Problem to solve: In the data below, find the line containing "Ingrediente principal:1004000 unidades"; reproduce that line and all subsequent lines exactly, and nothing else.

Stored data entries:

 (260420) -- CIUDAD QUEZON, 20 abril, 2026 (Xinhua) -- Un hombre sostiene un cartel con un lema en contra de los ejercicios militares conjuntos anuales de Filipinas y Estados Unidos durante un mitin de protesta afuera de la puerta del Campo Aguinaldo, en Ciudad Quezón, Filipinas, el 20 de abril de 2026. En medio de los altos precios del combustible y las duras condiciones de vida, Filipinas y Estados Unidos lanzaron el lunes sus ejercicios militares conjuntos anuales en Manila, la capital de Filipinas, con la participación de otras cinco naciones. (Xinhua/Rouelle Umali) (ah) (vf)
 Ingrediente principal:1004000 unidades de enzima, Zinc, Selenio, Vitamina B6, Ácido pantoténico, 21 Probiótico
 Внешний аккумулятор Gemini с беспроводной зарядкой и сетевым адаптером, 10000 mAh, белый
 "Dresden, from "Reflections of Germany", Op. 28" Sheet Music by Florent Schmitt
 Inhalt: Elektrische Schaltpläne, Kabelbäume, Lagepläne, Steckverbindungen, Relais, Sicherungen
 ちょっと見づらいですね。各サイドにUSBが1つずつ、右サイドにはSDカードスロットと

Solution to the exercise:
 Ingrediente principal:1004000 unidades de enzima, Zinc, Selenio, Vitamina B6, Ácido pantoténico, 21 Probiótico
 Внешний аккумулятор Gemini с беспроводной зарядкой и сетевым адаптером, 10000 mAh, белый
 "Dresden, from "Reflections of Germany", Op. 28" Sheet Music by Florent Schmitt
 Inhalt: Elektrische Schaltpläne, Kabelbäume, Lagepläne, Steckverbindungen, Relais, Sicherungen
 ちょっと見づらいですね。各サイドにUSBが1つずつ、右サイドにはSDカードスロットと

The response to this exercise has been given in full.